Alleviating the trade-off between coincidence time resolution and sensitivity using scalable TOF-DOI detectors

TL;DR

This paper introduces a scalable PET detector design, xDetector, that reduces scintillator thickness to improve coincidence time resolution while maintaining sensitivity and providing depth-of-interaction information.

Contribution

The xDetector scheme enables thinner scintillators for better timing resolution without sacrificing sensitivity, and inherently provides DOI information using a novel stacking approach.

Findings

Achieved 175 ps FWHM CTR with 13 mm scintillators

Demonstrated effective DOI capability with the xDetector design

Maintained high energy resolution of 11% FWHM at 511 keV

Abstract

Coincidence time resolution (CTR) in time-of-flight positron emission tomography (TOF-PET) has significantly improved with advancements in scintillators, photodetectors, and readout electronics.
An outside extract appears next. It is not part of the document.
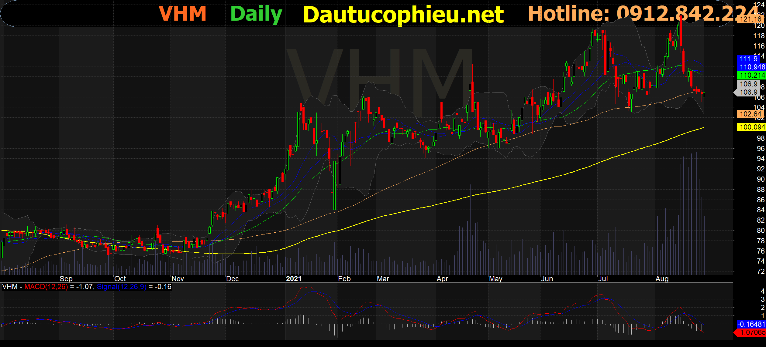Đồ thị cổ phiếu VHM phiên giao dịch ngày 27/08/2021. Nguồn: AmiBroker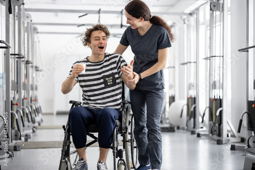 Obraz premium Nurse walking with happy guy in wheelchair at rehabilitation center. Concept...

Achieving a CTR of 100 ps remains challenging due to the need for sufficiently thick scintillators-typically 20 mm-to ensure adequate sensitivity because the photon transit time spread within these thick scintillators impedes achieving 100 ps CTR. Therefore, thinner scintillators are preferable for CTR better than 100 ps. To address the trade-off between TOF capability and sensitivity, we propose a readout scheme of PET detectors. The proposed scheme utilizes two orthogonally stacked one-dimensional PET detectors, enabling the thickness of the scintillators to be reduced to approximately 13 mm without compromising sensitivity. This is achieved by stacking the detectors along the depth-of-interaction (DOI) axis of a PET scanner. We refer to this design as the cross-stacked detector, or xDetector. Furthermore, the xDetector inherently provides DOI information using the same readout scheme. Experimental evaluations demonstrated that the xDetector achieved a CTR of 175 ps FWHM and an energy resolution of 11% FWHM at 511 keV with 3 x 3 x 12.8 mm3 lutetium oxyorthosilicate crystals, each coupled one-to-one with silicon photomultipliers. In terms of xy-spatial resolution, the xDetector exhibited an asymmetric resolution due to its readout scheme: one resolution was defined by the 3.2 mm readout pitch, while the other was calculated using the center-of-gravity method. The xDetector effectively resolves the trade-off between TOF capability and sensitivity while offering scalability and DOI capability. By integrating state-of-the-art scintillators, photodetectors, and readout electronics with the xDetector scheme, achieving a CTR of 100 ps FWHM alongside high DOI resolution becomes a practical possibility.